Your assignment. Your answer must consist of exactly the lines below, starting with the line with "Платье короткое трикотажное" and going on through the line with "一到春季,浪漫粉将碧水点缀得", and nothing else.

Records for this exercise.

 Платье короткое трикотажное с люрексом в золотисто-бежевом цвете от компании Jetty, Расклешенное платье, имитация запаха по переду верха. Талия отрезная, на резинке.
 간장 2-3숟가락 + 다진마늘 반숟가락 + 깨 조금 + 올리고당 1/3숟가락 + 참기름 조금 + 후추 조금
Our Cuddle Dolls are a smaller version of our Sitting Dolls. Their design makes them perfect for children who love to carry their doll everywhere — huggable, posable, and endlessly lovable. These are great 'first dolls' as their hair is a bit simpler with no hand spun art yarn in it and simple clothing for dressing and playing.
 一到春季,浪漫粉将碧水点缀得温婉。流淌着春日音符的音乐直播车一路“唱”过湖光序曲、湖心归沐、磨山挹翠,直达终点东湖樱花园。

---

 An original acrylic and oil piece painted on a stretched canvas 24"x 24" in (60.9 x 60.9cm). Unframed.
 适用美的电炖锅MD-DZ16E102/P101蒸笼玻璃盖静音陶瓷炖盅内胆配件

* * *

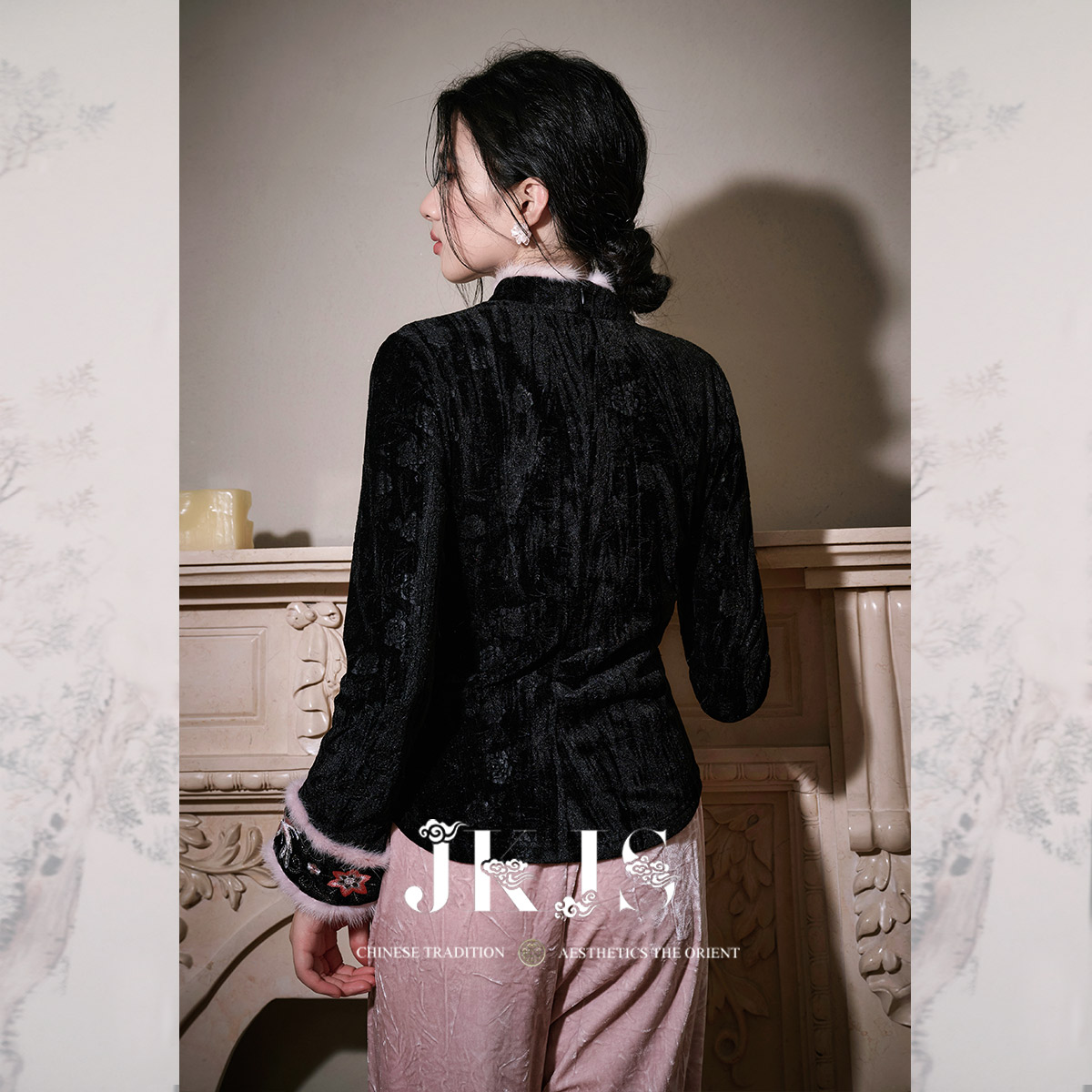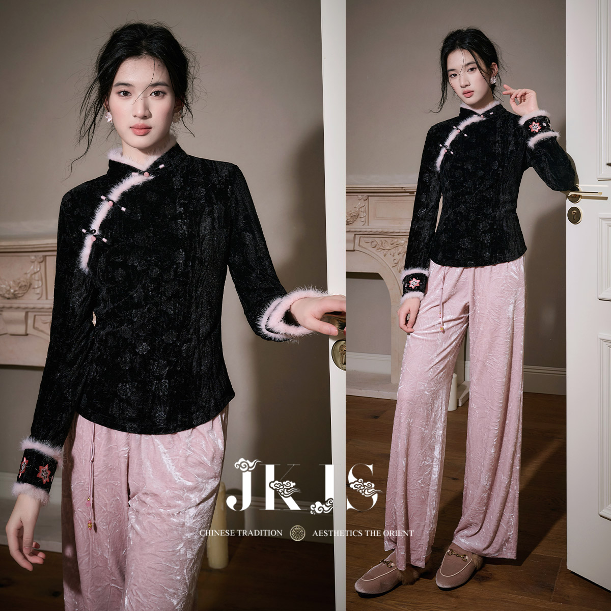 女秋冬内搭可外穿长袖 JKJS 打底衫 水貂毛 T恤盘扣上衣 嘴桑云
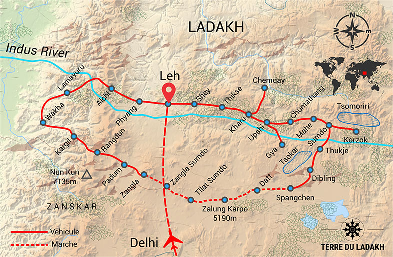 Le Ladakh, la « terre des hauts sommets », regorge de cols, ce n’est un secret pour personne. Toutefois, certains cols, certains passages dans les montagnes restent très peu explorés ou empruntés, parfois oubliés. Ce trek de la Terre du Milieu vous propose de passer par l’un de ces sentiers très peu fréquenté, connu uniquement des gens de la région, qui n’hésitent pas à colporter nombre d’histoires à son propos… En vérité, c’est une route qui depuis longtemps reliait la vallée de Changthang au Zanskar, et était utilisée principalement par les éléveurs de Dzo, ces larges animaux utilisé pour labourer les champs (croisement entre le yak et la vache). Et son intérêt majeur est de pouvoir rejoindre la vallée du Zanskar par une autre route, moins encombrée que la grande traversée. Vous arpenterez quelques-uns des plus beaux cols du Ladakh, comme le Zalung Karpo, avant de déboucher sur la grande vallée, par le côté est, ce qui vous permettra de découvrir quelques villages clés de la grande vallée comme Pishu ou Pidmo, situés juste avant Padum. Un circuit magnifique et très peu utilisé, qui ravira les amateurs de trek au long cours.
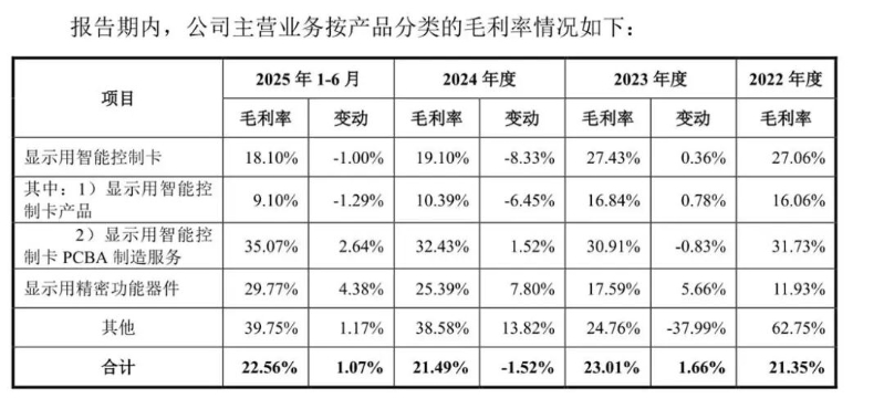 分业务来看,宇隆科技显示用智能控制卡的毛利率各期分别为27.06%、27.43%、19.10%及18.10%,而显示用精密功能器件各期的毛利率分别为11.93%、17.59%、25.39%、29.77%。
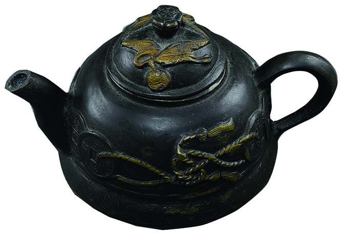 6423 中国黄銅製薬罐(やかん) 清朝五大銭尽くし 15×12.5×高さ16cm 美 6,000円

Your solution.
 Платье короткое трикотажное с люрексом в золотисто-бежевом цвете от компании Jetty, Расклешенное платье, имитация запаха по переду верха. Талия отрезная, на резинке.
 간장 2-3숟가락 + 다진마늘 반숟가락 + 깨 조금 + 올리고당 1/3숟가락 + 참기름 조금 + 후추 조금
Our Cuddle Dolls are a smaller version of our Sitting Dolls. Their design makes them perfect for children who love to carry their doll everywhere — huggable, posable, and endlessly lovable. These are great 'first dolls' as their hair is a bit simpler with no hand spun art yarn in it and simple clothing for dressing and playing.
 一到春季,浪漫粉将碧水点缀得温婉。流淌着春日音符的音乐直播车一路“唱”过湖光序曲、湖心归沐、磨山挹翠,直达终点东湖樱花园。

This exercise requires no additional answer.